# insulating drywalled garage



## 2001flhri (Apr 4, 2011)

my attached is already drywalled but not taped .I plan on having a heat source to be used occasionally. 
Do I need vapor barrier in the ceiling ? 
If so should I pull down the existing drywall and start from scratch?
I plan on stripping the walls to insulate the walls properly looking for the right way to tackle the ceiling
thanks Tony


----------



## Gary in WA (Mar 11, 2009)

Welcome to the forum!

Where are you located? 

Many times just a v.b. paint primer is added rather than removing material.

Gary


----------



## 2001flhri (Apr 4, 2011)

I am located in the valley area of Nova Scotia where we have a variety of weather . The house is a bungalow with an attached garage . There is just attic space above the garage . My concern is if I Insulate it with cellulose do I need to use vapor barrier if I chose to heat the garage on occasion .
With drywall on the ceiling and two garage door openers I'm debating on ripping it all down or just fill the roof trusses with cellulose .
Opinions welcome


----------



## Gary in WA (Mar 11, 2009)

If you don't need the storage, use cellulose.
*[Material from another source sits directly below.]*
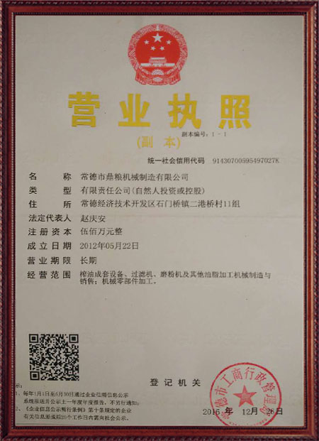 企業(yè)堅(jiān)持“質(zhì)量、口碑就是我們的生命”的原則,嚴(yán)格執(zhí)行質(zhì)量標(biāo)準(zhǔn)檢驗(yàn)體系。生產(chǎn)的"鼎糧"牌系列產(chǎn)品,產(chǎn)品質(zhì)量優(yōu),性價(jià)比高,深受廣大新老客戶的青睞,通過了各級(jí)部門的鑒定認(rèn)可,立式、臥式液壓榨油機(jī)均榮獲農(nóng)機(jī)推廣證。

Anything is better than no insulation. Your area ranges from 3800-4700 H.D.D. It's not a house so the minimum R-value doesn't apply. I'd dense pack the walls and blow-in 2# in attic, no v.b. required; http://www.applegateinsulation.com/CEDocuments/Downloads_GetFile.aspx?id=249418&fd=0

http://www.homeenergy.org/archive/hem.dis.anl.gov/eehem/95/950309.html

Make sure the drywall will support it; http://www.energyguide.com/library/EnergyLibraryTopic.asp?bid=austin&prd=10&TID=17324&SubjectID=8375

http://www.affordablecomfort.org/images/Events/23/Courses/694/THER3_FitzgeraldDense_pack_Handout.pdf
http://www.karg.com/pdf/Presentations/Dense_Pack_Cellulose_Insulation.pdf

Gary


----------



## 2001flhri (Apr 4, 2011)

Thanks for your opinion and advice . 
The links are great source of information and education for me . After a little reading I am sure to come up with the best solution for my needs .
Thanks again Tony


----------